◆ **Work instruction**
The lines to be extracted begin at the line containing "A worksheet for" and end at the last line of the data below; copy them exactly and leave out the pictures.

◆ **Information**
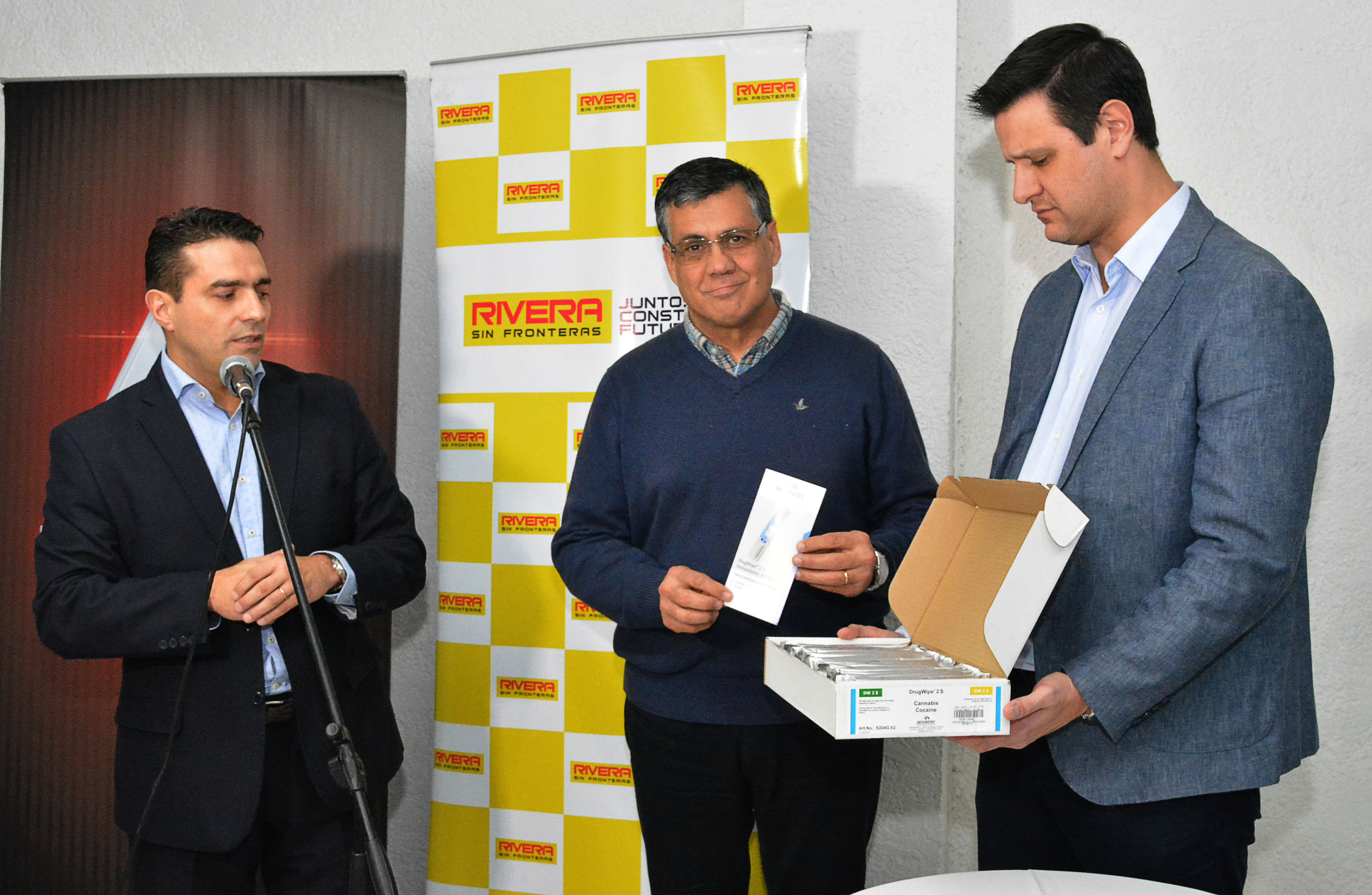 En la jornada de éste 17 de julio, el intendente departamental Dr. Marne Osorio, recibió por parte de la empresa Porto Seguros – que trabajará juntamente a Automotora Horizonte-, una importante cantidad de kits con reactivos para detectar drogas psicoactivas, en personas que estén conduciendo en esa situación por el departamento.
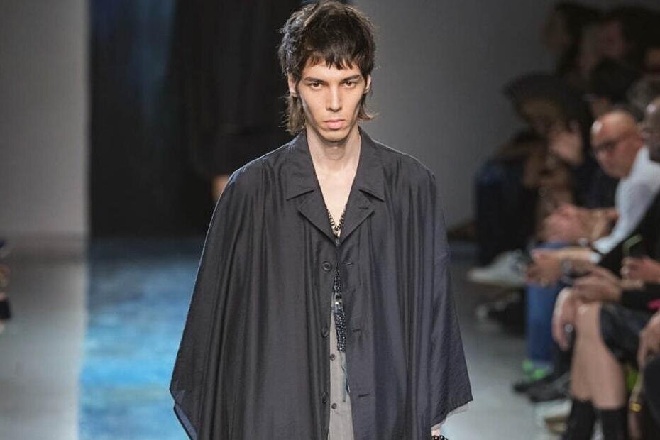 ヨウジヤマモト プールオム、軽やかなシルクのブラックスーツや万華鏡プリントのジャケット
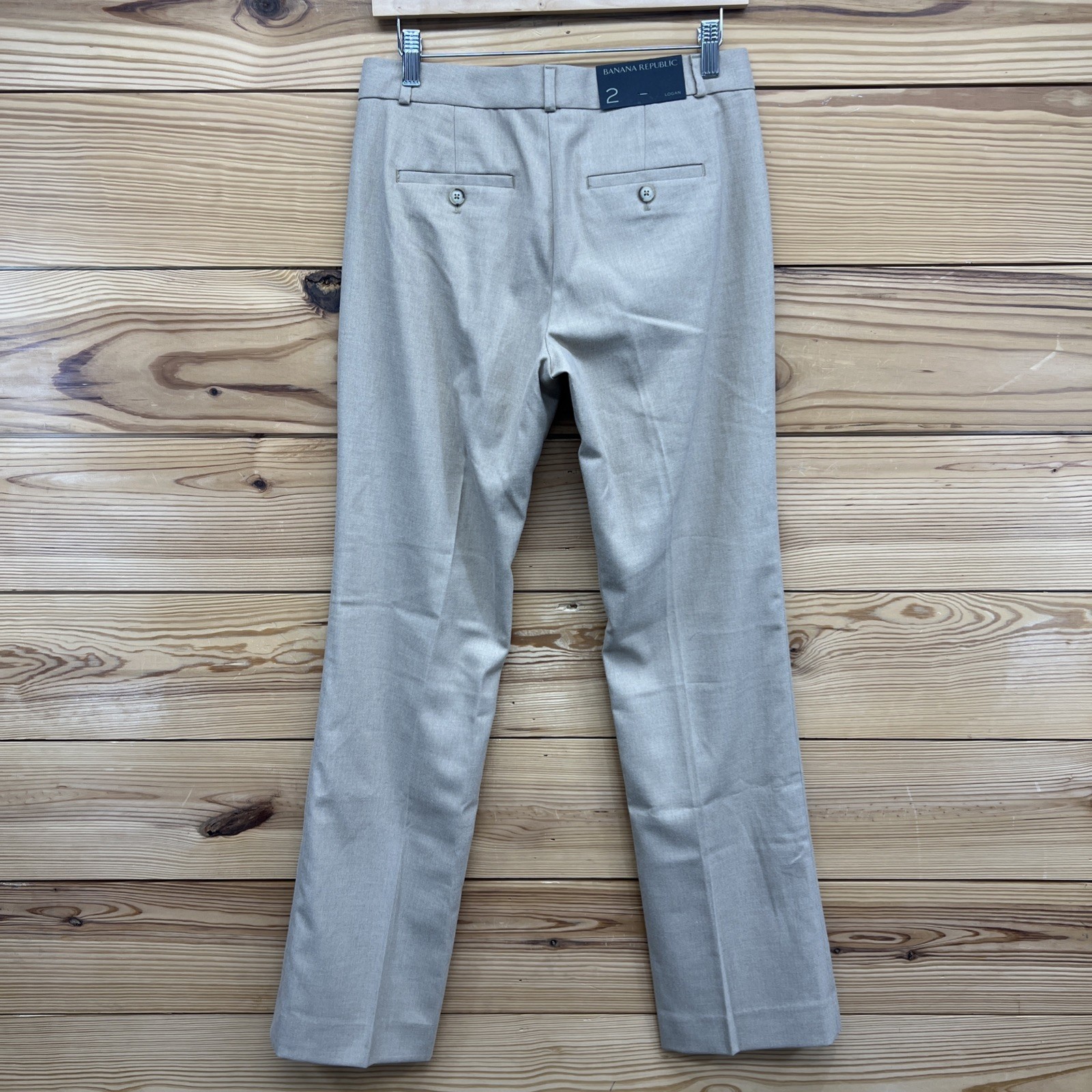 как выглядит Banana Republic Dress Pants 2R Logan Mid Rise Straight Trouser Beige NWT B158 фото
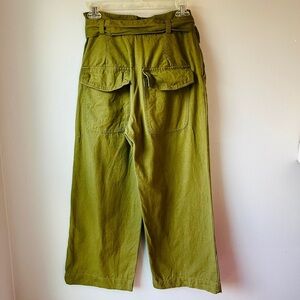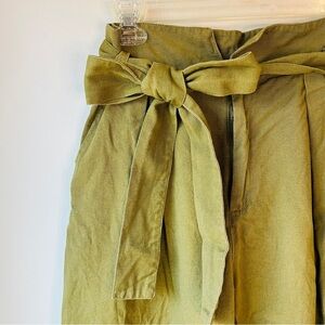 Free People One olive green 100% cotton wide leg paperbag crop pants with notch waistband and wide waist tie. Functional side pockets and back patch pockets. Cute summer pants with birks!
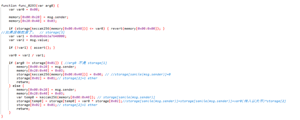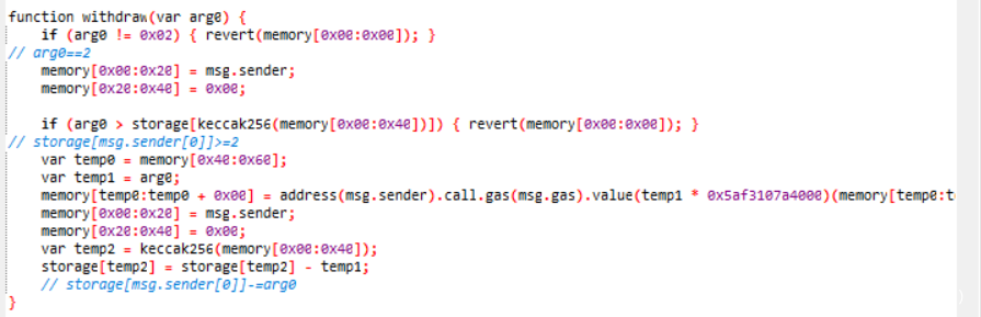 withdraw () 这里限制了 storage[msg.sender[0]]>=2 然后他进行了 msg.call() 这里可以进行重入。 然后看下面, storage[msg.sender[0]]-=2 , 那么自然而然想到了payforflag()的条件。 所以我们可以想到使用这里来实现重入下溢, 从而得到payforflag()的条件。
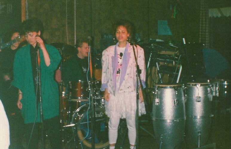 Juni 1988 - Maartensdijk. Francy zingt lead, Erik op drums, Rachel vervangt mij op gitaar.
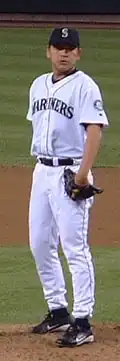 After playing college baseball for Tohoku Fukushi University, Sasaki was drafted in the first round of the 1989 draft by the Yokohama Taiyō Whales (now named Yokohama DeNA BayStars) in Japan's Central League. He played for them from 1990 to 1999, before joining the Seattle Mariners in 2000, on a 2-year, $9 million contract with a club option for 2002. He joined a bullpen that had been one of the worst in the major leagues, and during his rookie year won the closer job from a floundering José Mesa. Sasaki's out pitch, a devastating split-fingered fastball that drops when arriving at home plate, was nicknamed "The Thang" by Mariners radio announcers.[4] He complemented it with a four-seam fastball that topped out at mid-90s. Sasaki maintained a rigorous throwing program, sometimes at odds with club management, that saw him throw up to 100 pitches following games in which he did not appear.
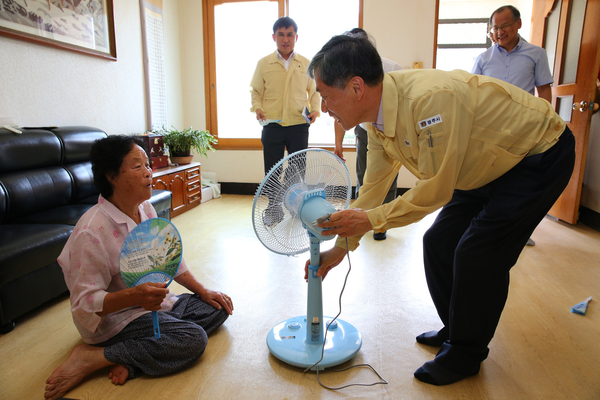 이어 폭염대비 독거노인 보호대책 추진상황 점검을 위해 선도동에 거주하는 무의탁 독거노인 가구를 찾은 강 부시장은 폭염속 어르신의 불편사항을 살피고, 건강하게 여름을 지낼 수 있도록 경주시사회복지협의회에서 지원받은 선풍기를 전달했다.
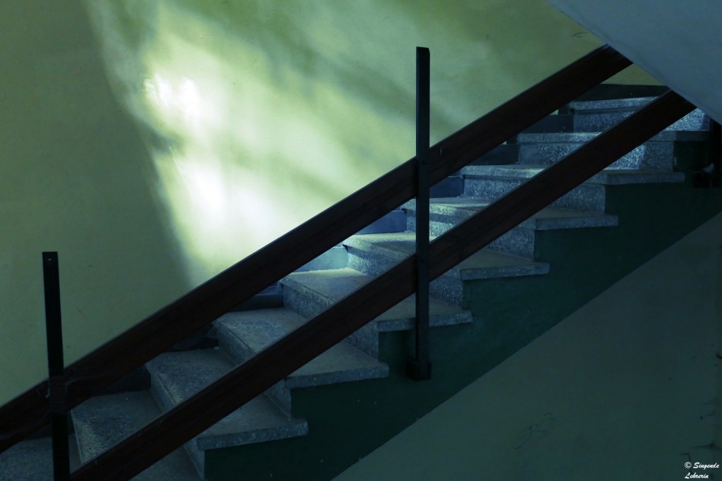 Die folgende Treppe gefällt mir am besten in der „Dynamisch-Monochrom“-Einstellung, die ich für den Beitrag über die Treppenhäuser und Gänge herausgesucht hatte:
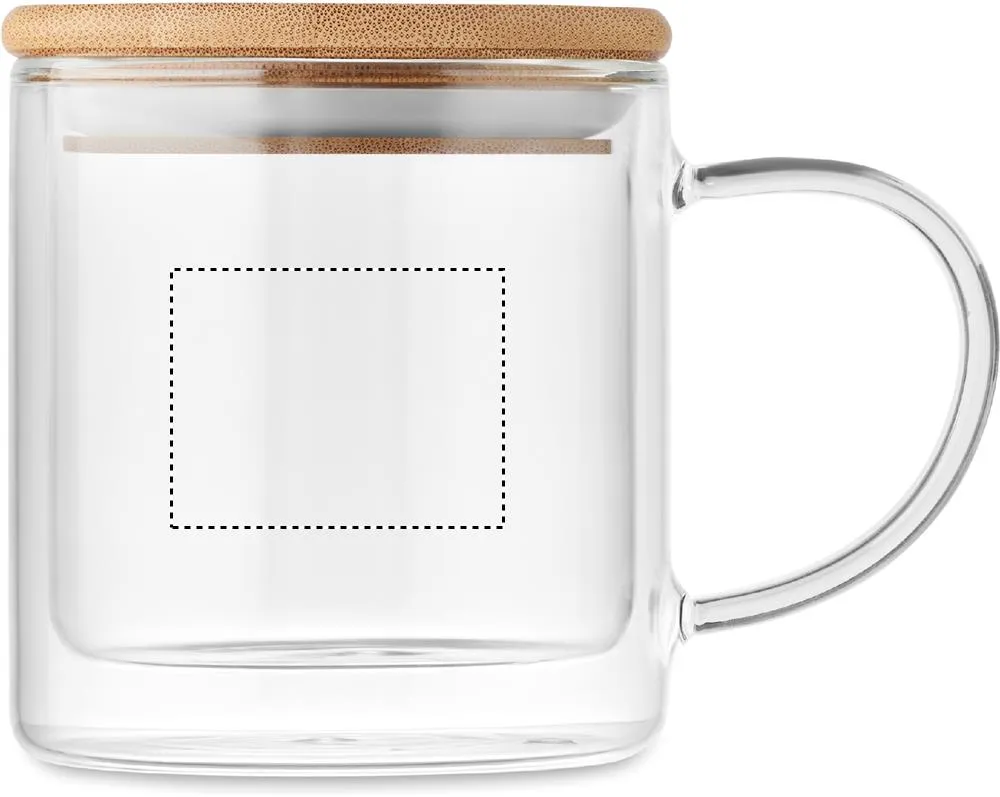 Caneca de vidro borossilicato de parede dupla com tampa de bambu e pegas coloridas. Capacidade: 300 ml.Caneca borosilicato 300 ml
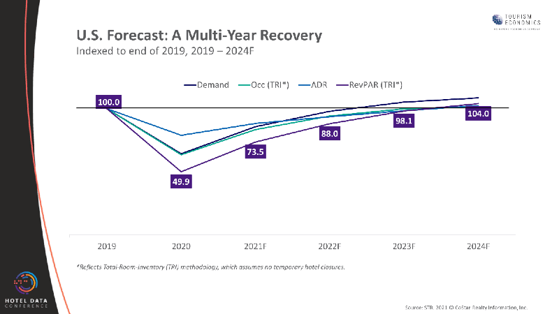 Just released at the 13th Annual Hotel Data Conference, STR and Tourism Economics have upgraded the U.S. hotel forecast for 2021 as a whole and lessened growth projections for 2022. Additionally, full recovery of demand remains on the same timeline for 2023, while revenue per available room (RevPAR) is projected to surpass 2019 levels in 2024.
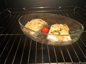 J’ai choisi le cabillaud qui se tient bien à la cuisson, je l’ai recouvert d’une croute d’amandes et déposé sur un lit de quinoa et légumes du soleil.
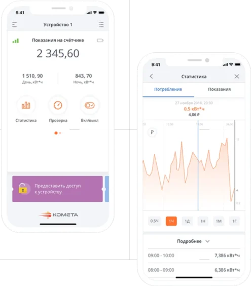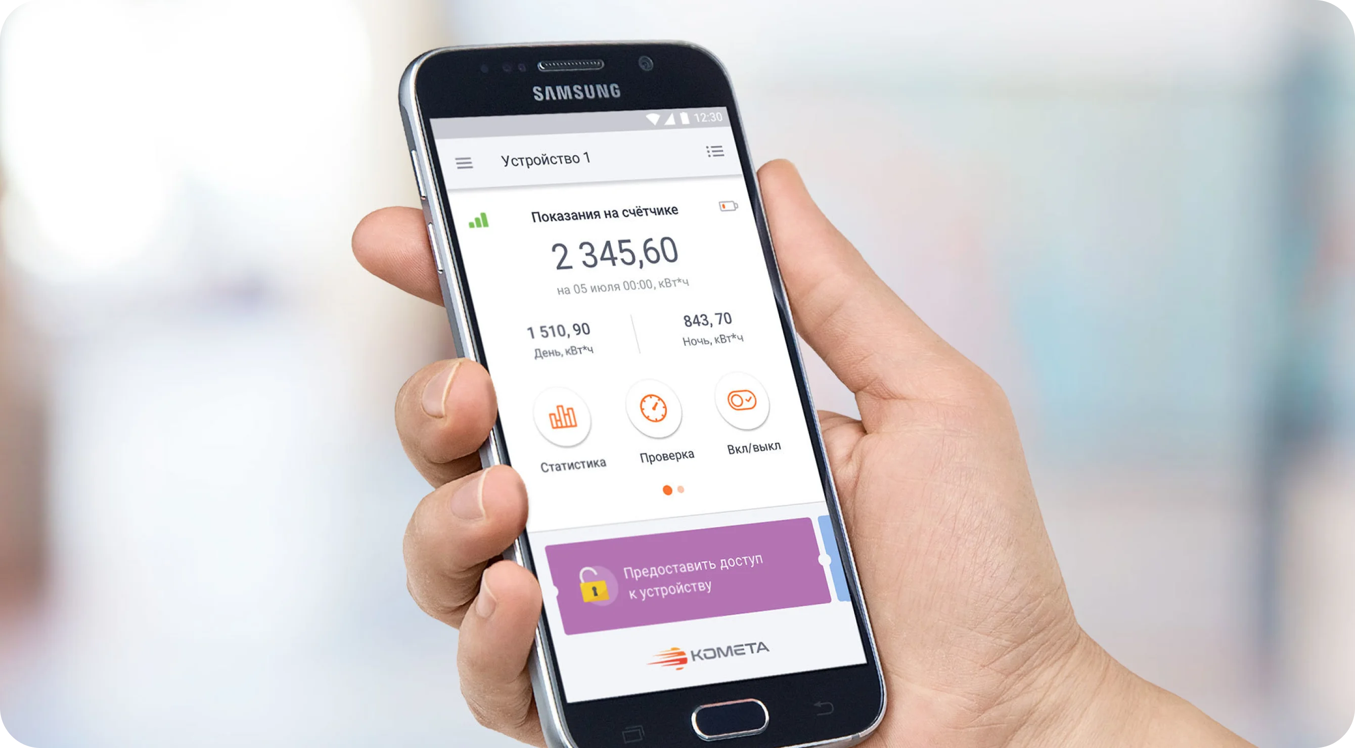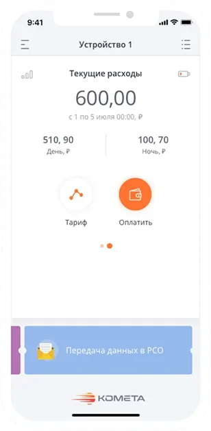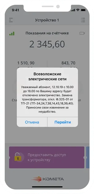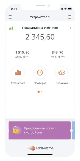 После установки оборудования компании ООО «Комета», пользователь получает SMS-приглашение зарегистрироваться в мобильном приложении «КОМЕТА IoT», где ему будут доступны данные прибора и другие полезные функции. Для быстрого входа в приложение можно впоследствии установить ПИН-код или войти по отпечатку пальца.
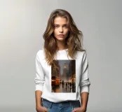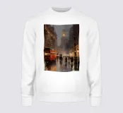 Questo dipinto d'atmosfera mostra una strada cittadina affollata sotto la pioggia della sera d'inverno. I tram storici, gli alberi decorati a festa e le luci calde si riflettono sul marciapiede bagnato. Persone in cappotto si affrettano a passare mentre l'orologio della torre accompagna la magia del periodo natalizio. Una scena piena di nostalgia, eleganza e atmosfera festosa.
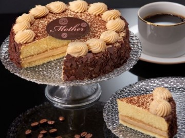 Two layers of coffee washed cake are filled with the traditional mascarpone custard and topped with a light and delectable coffee whipped cream. As an extra touch, this delight is then sprinkled with dark chocolate and cocoa and adorned with a chocolate "Mother" plaque. With just the right mixture of coffee and chocolate, you can be sure that this Italian favorite will perk up anyone's day. Includes a Chocolate "Mother" Plaque for Mothers Day, matching Greeting Card and is packaged in an elegant gift box!
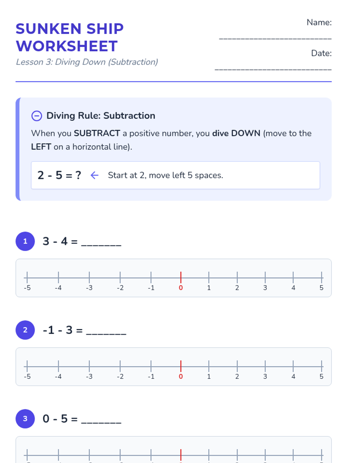 A worksheet for Lesson 3 focusing on subtraction. It uses a 'diving down' metaphor to help students visualize moving left on the number line. includes generous workspace and low numbers.
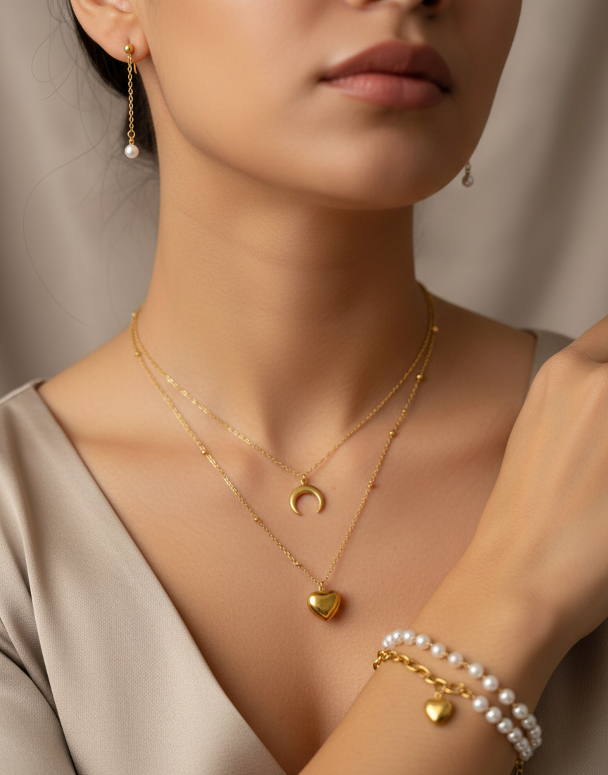 Layered Necklace Duo: A two-tier necklace featuring a delicate satellite chain (beaded chain). The shorter layer holds a sleek crescent moon pendant, while the longer layer features a bold, puffy heart charm.
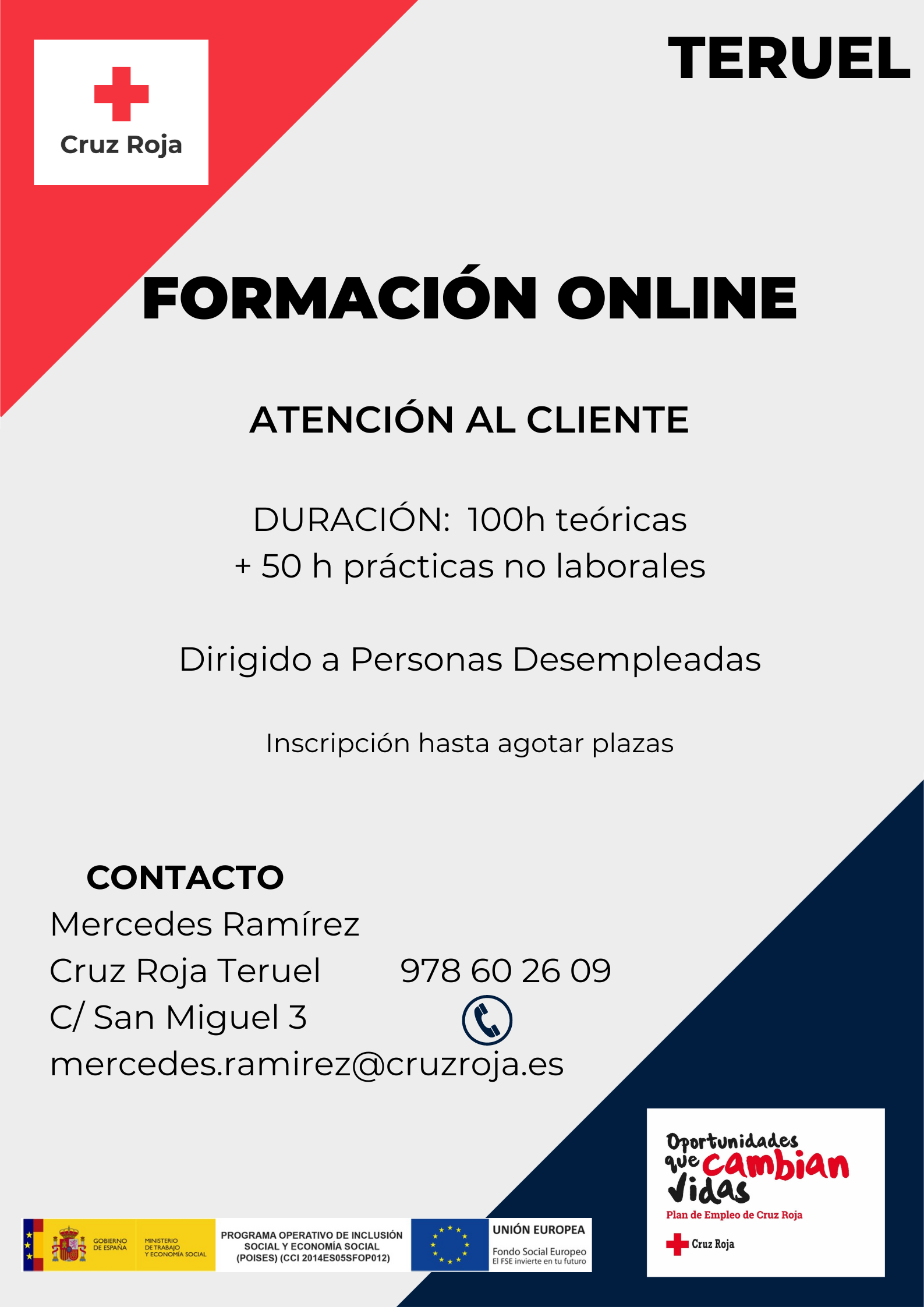 Desde el Proyecto ITINERARIOS QUE SUMAN de Cruz Roja Teruel vamos a comenzar el curso de “Atención al cliente” para personas desempleadas, de forma gratuita para todos los/as

◆ **Answer to this problem**
 A worksheet for Lesson 3 focusing on subtraction. It uses a 'diving down' metaphor to help students visualize moving left on the number line. includes generous workspace and low numbers.
 Layered Necklace Duo: A two-tier necklace featuring a delicate satellite chain (beaded chain). The shorter layer holds a sleek crescent moon pendant, while the longer layer features a bold, puffy heart charm.
 Desde el Proyecto ITINERARIOS QUE SUMAN de Cruz Roja Teruel vamos a comenzar el curso de “Atención al cliente” para personas desempleadas, de forma gratuita para todos los/as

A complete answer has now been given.